<<<<
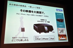 iPhone/iPodドックを内蔵したスピーカー一体型の「MG-850HD」については「どこでも、なんでも、誰でも簡単に楽しめるプロジェクター」が開発のコンセプトだったという。
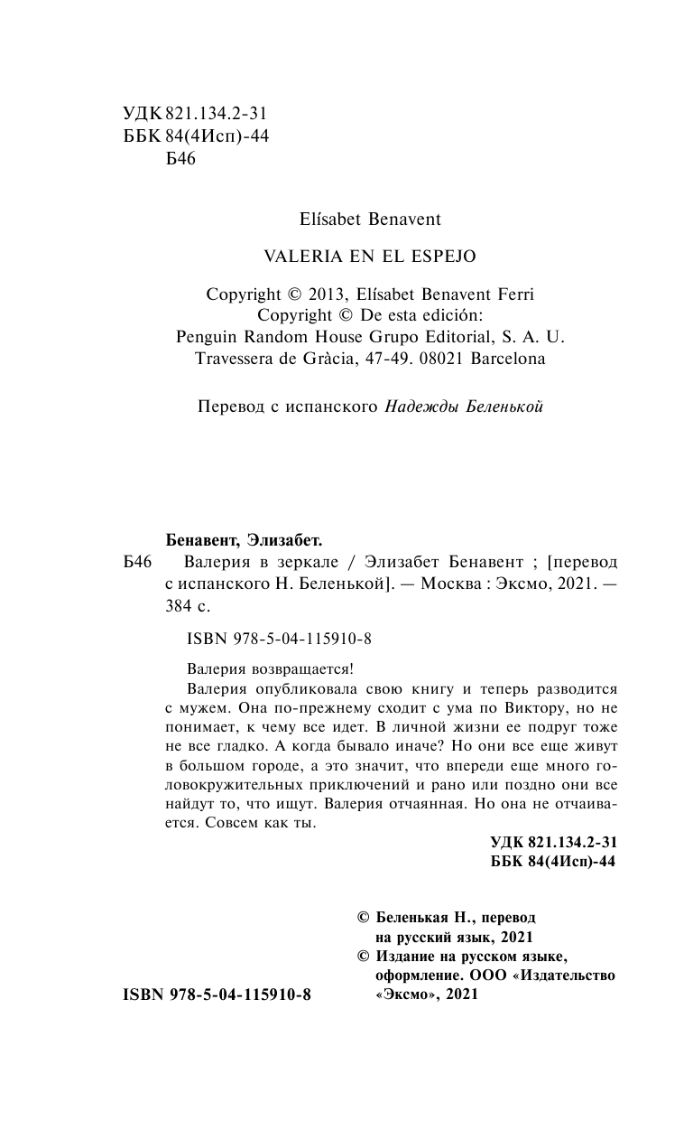 Книга: Валерия в зеркале (Элизабет Бенавент); Эксмо, Редакция 1, 2021
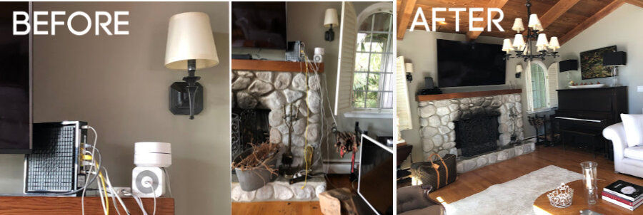 Additionally, my makeshift solutions of the past (see photo below) meant wires, boxes and cords were choking my living room mantel and clean design was non-existent. The BlueCurve system gave us a Zen living space.
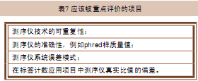 目前,序列質(zhì)量評分問題是受到廣泛關(guān)注的一個問題。造成這種現(xiàn)象的原因主要是因為所有新一代測序儀的測序質(zhì)量都不高,而且不同的序列情況都有各自的誤差率。隨著新一代測序儀產(chǎn)品的不斷成熟,在臨床及科研工作中的應(yīng)用范圍越來越廣,它們的測序質(zhì)量也就變得重要起來,而且我們也需要對各個測序儀的測序質(zhì)量有一個清晰的、可靠的評價標準。由于這個問題還只是剛剛出現(xiàn),所以我們有機會設(shè)立一個全球統(tǒng)一的、標準化的評價體系對目前現(xiàn)有的以及將來即將出現(xiàn)的測序儀進行評價。我們希望避免再次發(fā)生類似過去幾個芯片廠家之間進行數(shù)據(jù)比較的尷尬局面。對于測序儀的應(yīng)用范圍進行標準化的質(zhì)量評價也是有好處的。比如評價從頭測序的質(zhì)量、評價測序結(jié)果與參考序列的相似度、評價測序儀發(fā)現(xiàn)突變以及多態(tài)性的能力以及對測序儀在進行大規(guī)模測序項目研究時的質(zhì)量可靠性進行評價等。表7列出了幾項應(yīng)該被重點評價的項目。
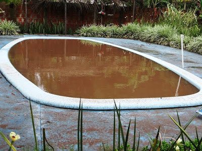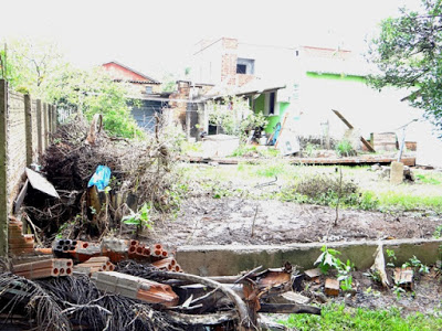 Santiago – Os mais de 80 mm de chuva em duas horas deixaram estragos em vários bairros da cidade. A Emei Mãe Ida, na Vila Rica, não está funcionando hoje, pois houve alagamentos em várias salas. Já a dona Maryneuza D’Avila Ferreira, moradora da rua Carovi, vai levar tempo para se recuperar do susto. A água desceu com tanta força que invadiu sua garagem (arrancou parte da parede e o restante vai cair), entrou pela casa e invadiu o pátio. Não bastasse, a chuva também acumulou em terrenos vizinhos e acabou derrubando um muro, arrastando todo o tipo de lixo para seu pátio. Até a piscina foi invadida pela água, que alcançou mais de um metro, conforme mostra a foto abaixo.
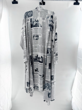 Balenciaga Newspaper Print Maxi Dress Tie Neck White Black Women's FR 40 / US 8
>>>>
Work order: Could you give again precisely the lines from the one containing "Книга: Валерия в" through the final line of the material above, both included, and no others, dropping the pictures?

Written response:
 Книга: Валерия в зеркале (Элизабет Бенавент); Эксмо, Редакция 1, 2021
 Additionally, my makeshift solutions of the past (see photo below) meant wires, boxes and cords were choking my living room mantel and clean design was non-existent. The BlueCurve system gave us a Zen living space.
 目前,序列質(zhì)量評分問題是受到廣泛關(guān)注的一個問題。造成這種現(xiàn)象的原因主要是因為所有新一代測序儀的測序質(zhì)量都不高,而且不同的序列情況都有各自的誤差率。隨著新一代測序儀產(chǎn)品的不斷成熟,在臨床及科研工作中的應(yīng)用范圍越來越廣,它們的測序質(zhì)量也就變得重要起來,而且我們也需要對各個測序儀的測序質(zhì)量有一個清晰的、可靠的評價標準。由于這個問題還只是剛剛出現(xiàn),所以我們有機會設(shè)立一個全球統(tǒng)一的、標準化的評價體系對目前現(xiàn)有的以及將來即將出現(xiàn)的測序儀進行評價。我們希望避免再次發(fā)生類似過去幾個芯片廠家之間進行數(shù)據(jù)比較的尷尬局面。對于測序儀的應(yīng)用范圍進行標準化的質(zhì)量評價也是有好處的。比如評價從頭測序的質(zhì)量、評價測序結(jié)果與參考序列的相似度、評價測序儀發(fā)現(xiàn)突變以及多態(tài)性的能力以及對測序儀在進行大規(guī)模測序項目研究時的質(zhì)量可靠性進行評價等。表7列出了幾項應(yīng)該被重點評價的項目。
 Santiago – Os mais de 80 mm de chuva em duas horas deixaram estragos em vários bairros da cidade. A Emei Mãe Ida, na Vila Rica, não está funcionando hoje, pois houve alagamentos em várias salas. Já a dona Maryneuza D’Avila Ferreira, moradora da rua Carovi, vai levar tempo para se recuperar do susto. A água desceu com tanta força que invadiu sua garagem (arrancou parte da parede e o restante vai cair), entrou pela casa e invadiu o pátio. Não bastasse, a chuva também acumulou em terrenos vizinhos e acabou derrubando um muro, arrastando todo o tipo de lixo para seu pátio. Até a piscina foi invadida pela água, que alcançou mais de um metro, conforme mostra a foto abaixo.
 Balenciaga Newspaper Print Maxi Dress Tie Neck White Black Women's FR 40 / US 8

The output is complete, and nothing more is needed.